Unifying Concepts

Diagnostic Criteria for Systemic Mastocytosis (SM)

If at least 1 major and 1 one minor, or at least 3 minor criteria, are met, the diagnosis of Systemic Mastocytosis (SM) can be established.

Major Criteria: Multifocal dense infiltrates of mast cells in bone marrow or other extracutaneous organ(s) (>15 mast cells in aggregate)

Minor Criteria:

a) Mast cells in bone marrow or other extracutaneous organ(s) show an abnormal morphology (> 25%)
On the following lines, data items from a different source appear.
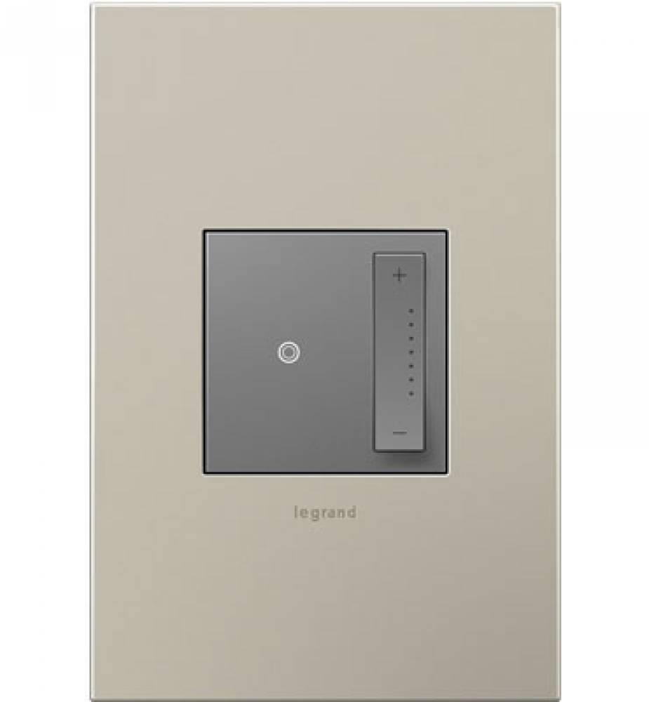 Turn lights on/off, or dim, with just a soft tap of a finger, thanks to inventive micro-movement technology. Meant for single fixtures and small lighting groups that do not exceed 700W. Made exclusively for use with screwless Wall Plates from the adorne? Collection, sold separately.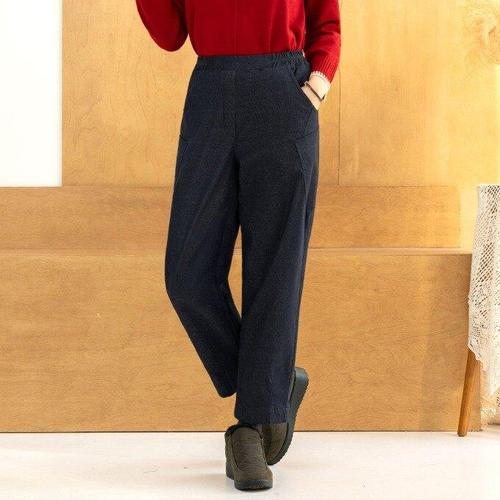 드리다 여성 겨울 직기 와이드 빅사이즈 기모 밴딩 슬랙스 팬츠 40-50대 미시 중년여성 엄마옷 하객 상견례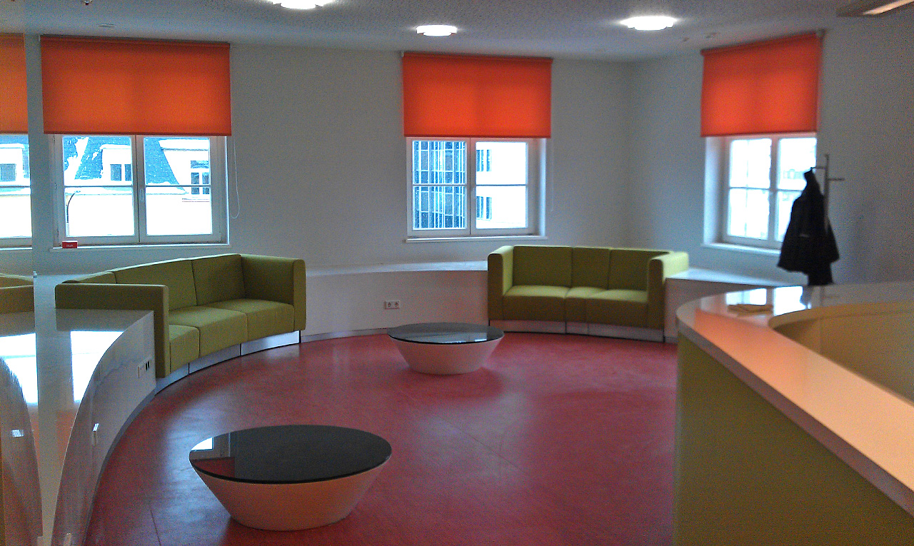 Einstellen farbiger dynamischer Raumelemente zur Brechung der orthogonalen Monotonie der Räume bei gleichzeitiger klarer räumlicher Bewegungsleitung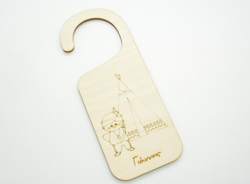 Διακοσμητικό πόρτας για μπομπονιέρα με θέμα ινδιάνος. Διάσταση 6 x 15 εκ. Μπορεί να χαρακτεί το όνομα του μωρού.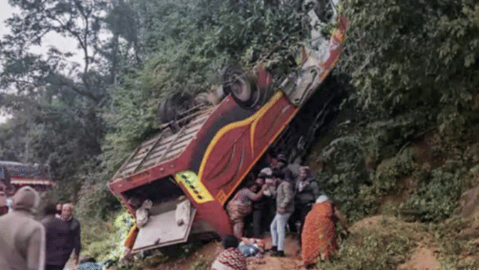 The truck reportedly skidded off the hilly road and fell into a deep gorge. The accident occurred on December 8. According to the reports, the people were travelling to Hayuliang for construction-related work.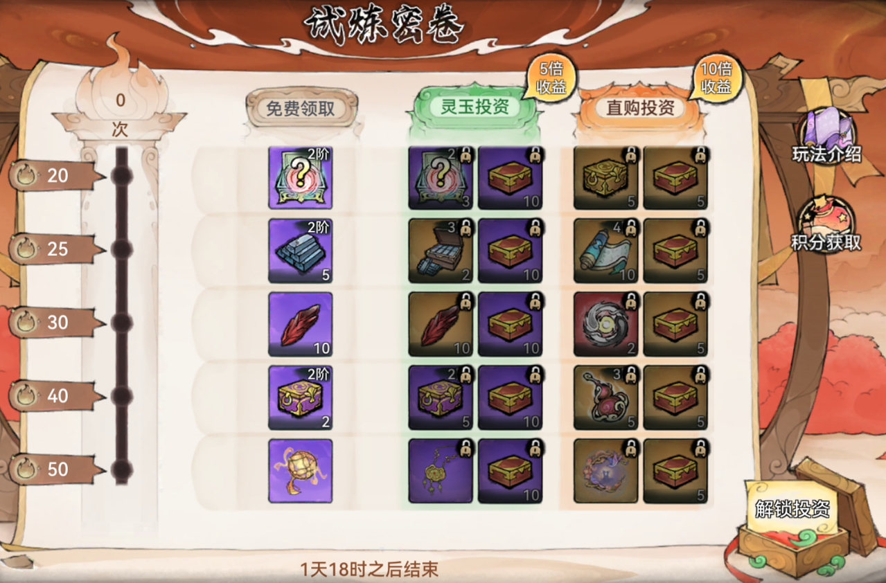 累计一定的寻宝次数后,祖师还可免费取星墟破片、星尘石英等进度奖励和试炼密卷奖励。若祖师感兴趣,还可通过解锁投资的形式获取混沌源气等进阶奖励。

b) C-kit mutation at codon 816 in extracutaneous organ(s). (Activating mutations at codon 816; in most cases, c-kit D816V)

c) Mast cells in bone marrow express CD2 and/or CD25

d) Serum total tryptase > 20 ng/mL (does not count in patients who have associated hematologic clonal non-mast cell lineage disease-type disease)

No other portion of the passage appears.